D’origine hutu, Simon Bikindi est né le 28 septembre 1954 à Rwerere dans la préfecture de Gisenyi, dans le nord-ouest du pays, d’où étaient également originaires le président Juvénal Habyarimana et la plus grande partie des membres du MRND alors au pouvoir.

Une musique au service d’un génocide

Dès la fin des années 1980 , Simon Bikindi appelle dans ses chansons à la poursuite de la « Toussaint rwandaise », (premier massacre des Tutsis perpétué en 1959) et à l’extermination des Tutsi sur les ondes de Radio Télévision Libre des Mille Collines dont il fut l’un des fondateurs, un media qui contribua à la mise en oeuvre du génocide des Tutsi et de leurs supposés complices hutu, les Ibiyitso. Membre du MRND, il collabora très étroitement avec les autorités et fut fonctionnaire du Ministère de la jeunesse et des sports.

Condamnation

Il est arrêté à Leiden, aux Pays-Bas, le 12 juillet 2001 puis transféré au Tribunal pénal international pour le Rwanda (TPIR) à Arusha en Tanzanie le 27 mars 2002. Selon le procureur, le chanteur, se serait « entendu avec le chef de l’Etat, Juvénal Habyarimana, le ministre de la jeunesse et des sports, le chef des Interahamwe au niveau national, les responsables politiques nationaux du MRND, et les chefs militaires affiliés au MRND, tels que Théoneste Bagosora, en vue de militariser l’aile jeunesse du MRND, les Interahamwe, de leur inculquer une idéologie anti-tutsie et de faire de la propagande anti-tutsie ».

Le 2 décembre 2008, il est condamné à 15 ans de prison, seule l’accusation d’incitation directe et publique à commettre le génocide ayant été retenue. Le 18 mars 2010, le TPIR confirme en appel cette condamnation à une peine de 15 ans de prison.
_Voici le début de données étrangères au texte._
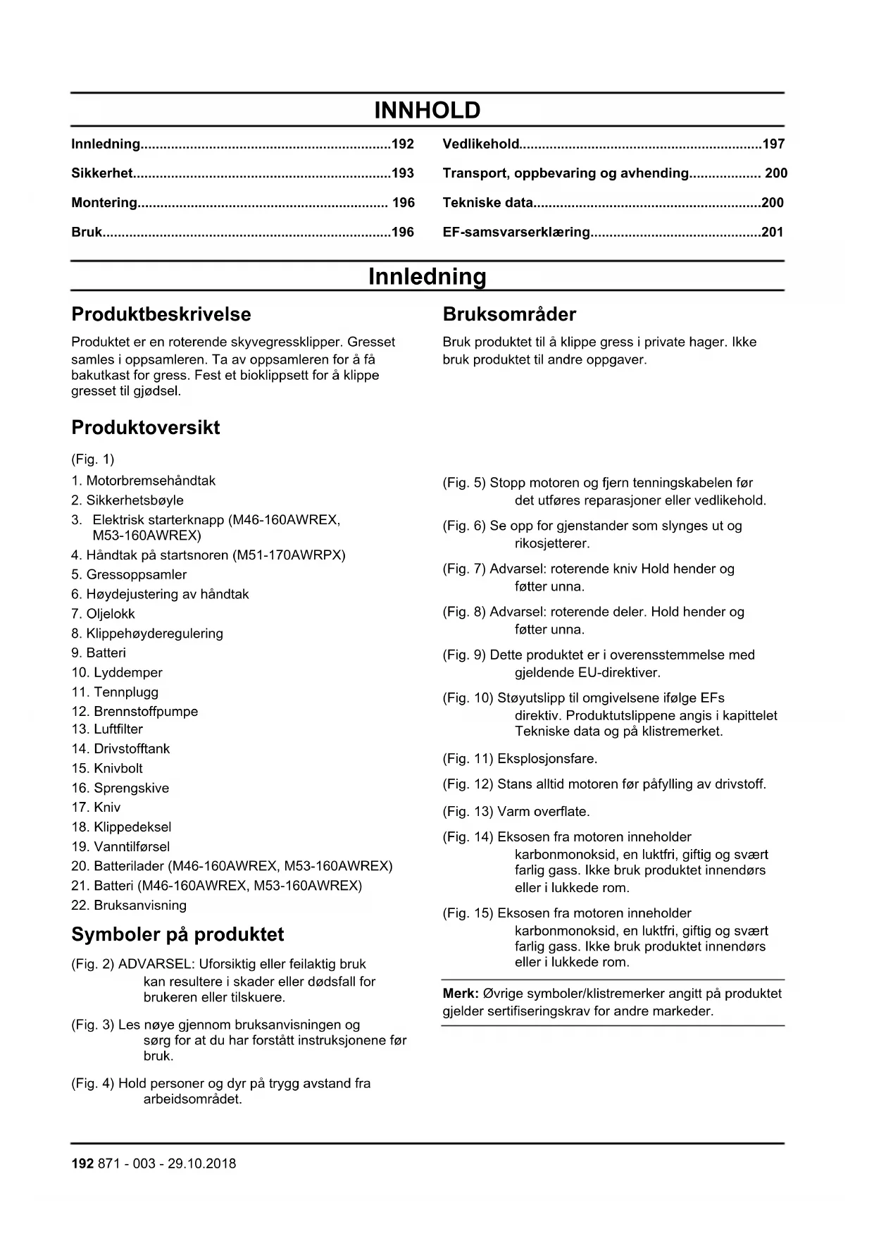 Symboler på produktet (Fig. 2) ADVARSEL: Uforsiktig eller feilaktig bruk kan resultere i skader eller dødsfall for brukeren eller tilskuere. (Fig. 3) Les nøye gjennom bruksanvisningen og sørg for at du har forstått instruksjonene før bruk. (Fig. 4) Hold personer og dyr på trygg avstand fra arbeidsområdet. (Fig. 5) Stopp motoren og fjern tenningskabelen før det utføres reparasjoner eller vedlikehold. (Fig. 6) Se opp for gjenstander som slynges ut og rikosjetterer. (Fig. 7) Advarsel: roterende kniv Hold hender og føtter unna. (Fig. 8) Advarsel: roterende deler. Hold hender og føtter unna. (Fig. 9) Dette produktet er i overensstemmelse med gjeldende EU-direktiver. (Fig. 10) Støyutslipp til omgivelsene ifølge EFs direktiv. Produktutslippene angis i kapittelet Tekniske data og på klistremerket. (Fig. 11) Eksplosjonsfare. (Fig. 12) Stans alltid motoren før påfylling av drivstoff. (Fig. 13) Varm overflate. (Fig. 14) Eksosen fra motoren inneholder karbonmonoksid, en luktfri, giftig og svært farlig gass. Ikke bruk produktet innendørs eller i lukkede rom. (Fig. 15) Eksosen fra motoren inneholder karbonmonoksid, en luktfri, giftig og svært farlig gass. Ikke bruk produktet innendørs eller i lukkede rom. Merk: Øvrige symboler/klistremerker angitt på produktet gjelder sertifiseringskrav for andre markeder. 192 871 - 003 - 29.10.2018EU V ADVARSEL: Tukling med motoren opphever EU-type-godkjenningen til dette produktet. Produktansvar Som nevnt i lovverket om produktansvar er vi ikke ansvarlig for skader som produktet vårt forårsaker, hvis
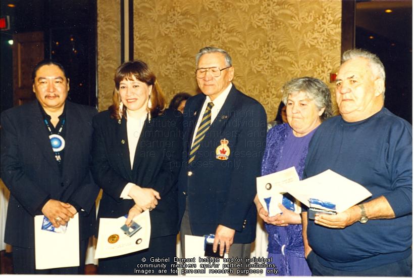 Order of Gabriel Dumont recipients at the Gabriel Dumont Institute "Education and the Family" Cultural and Educational Conference, Saskatoon, 1991. Left to right: Elijah Harper, Ethel Blondin, Edward King, Grace Hatfield, and Louis Morin. |
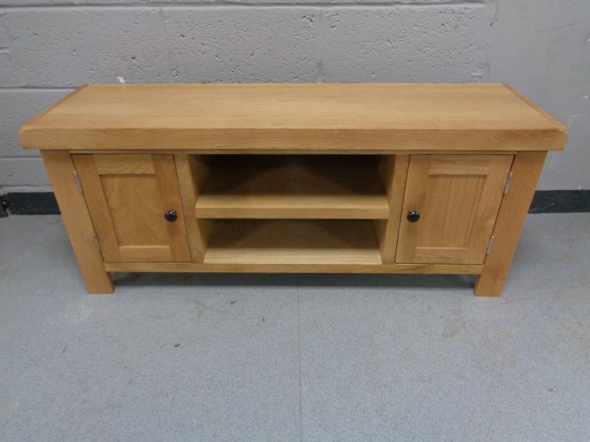 A contemporary entertainment stand fitted cupboards and shelves
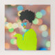 "Um desenho animado e divertido de uma garota negra dançando em uma festa, cheio de alegria, movimento e celebração."
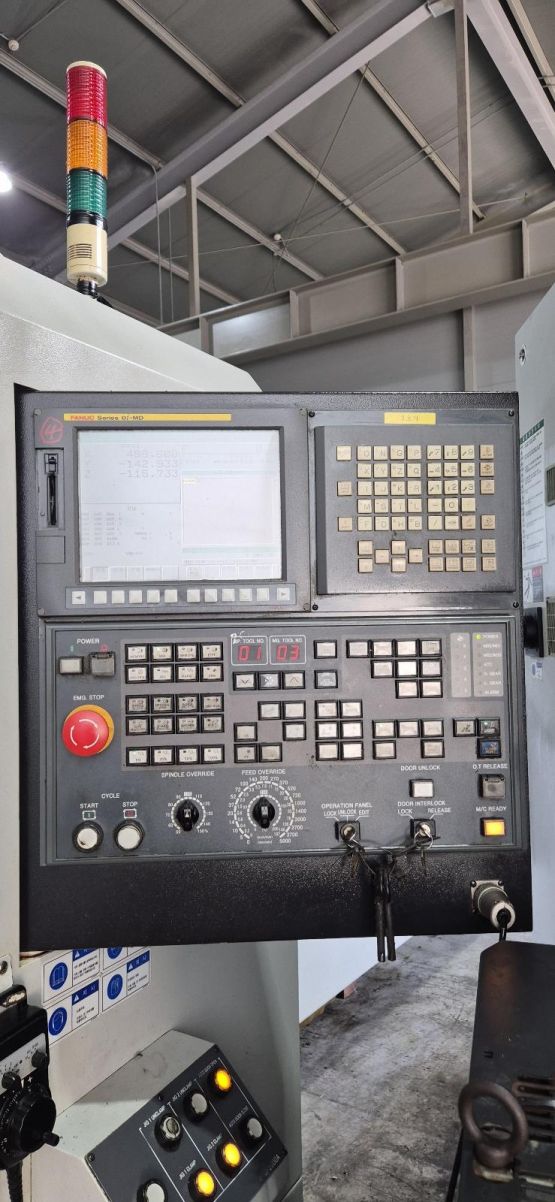 - 규격 FANUC 0i-MD, AICC2, 데이터서버, 에어블로우, 오토파워오프 BT40, 8000RPM, ATC 30EA, 주축관통절삭유, 유압유니트, 칩컨베이어/칩통
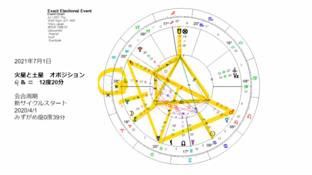 さっきお話するのを忘れてしまったので、火星と土星のオポジションのチャートに戻します。
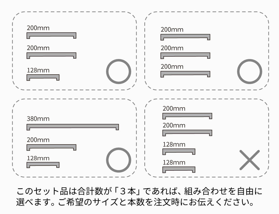 ・このセット品は、合計本数「3本」であれば異なる長さのハンドルを組合せて注文することが可能です。注文時にご希望のサイズと本数をお伝えください。
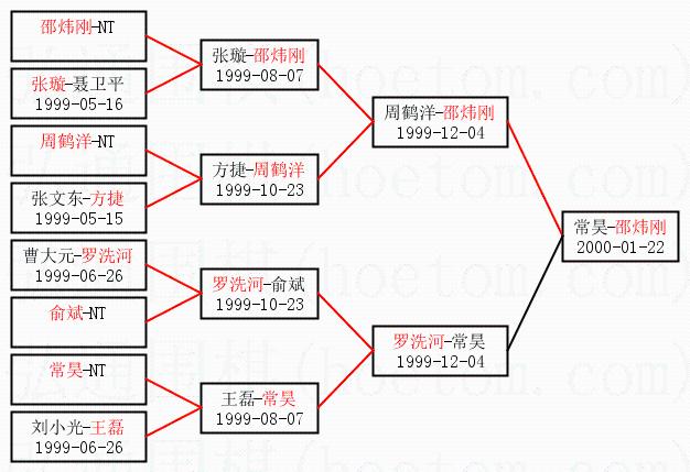 1.邵炜刚获得冠军,常昊获得亚军。决赛比分:邵炜刚1:0常昊。棋局:

Il est reconnu coupable d’incitation directe et publique à commettre le génocide, pour avoir pris la parole fin juin 1994 depuis « un véhicule équipé d’un amplificateur de voix sur la route principale reliant Kivumu à Kayove », deux communes du nord-ouest du Rwanda.

Trois chanson incriminées

C’est à partir de l’analyse de trois chansons que s’est construite l’accusation : « Nous avons dit adieu au régime monarchique », « Moi je déteste ces Hutus... » et « Les Fils du Père du cultivateur », composées avant et pendant le génocide.

La première chanson contient « un message de haine et de méfiance » envers les Tutsis associés au régime monarchique.
La seconde, (« Moi je déteste ces Hutus... ») définit « ceux qui ont renié leur identité hutue, ceux qui méprisent d’autres Hutus, ceux qui ne corrigent pas les autres Hutus fautifs, ceux qui s’engagent aux côtés de l’ennemi dans une guerre dont ils ne comprennent pas les tenants et les aboutissants... en clair, les Hutus qu’il déteste sont les Hutus qui sont en contact avec les Tutsis ».
La troisième enfin, « Les fils du Père des cultivateurs », relate l’histoire d’un homme hutu qui va consulter un devin sur les stratégies à adopter pour vaincre « le revenant » qui attaque le pays depuis l’étranger.

Et d’autres chansons, appels à prendre les armes :
Ingabo ni Izururwanira (L’Armée est celle qui se bat pour le Rwanda)
Ninde Watubasha (Qui peut nous vaincre ?).
Tuzakomeza Kururwanira (Nous continuerons à nous battre pour notre pays).
Tuzakurwaninira Rwanda (Nous continuerons à nous battre pour toi, Rwanda).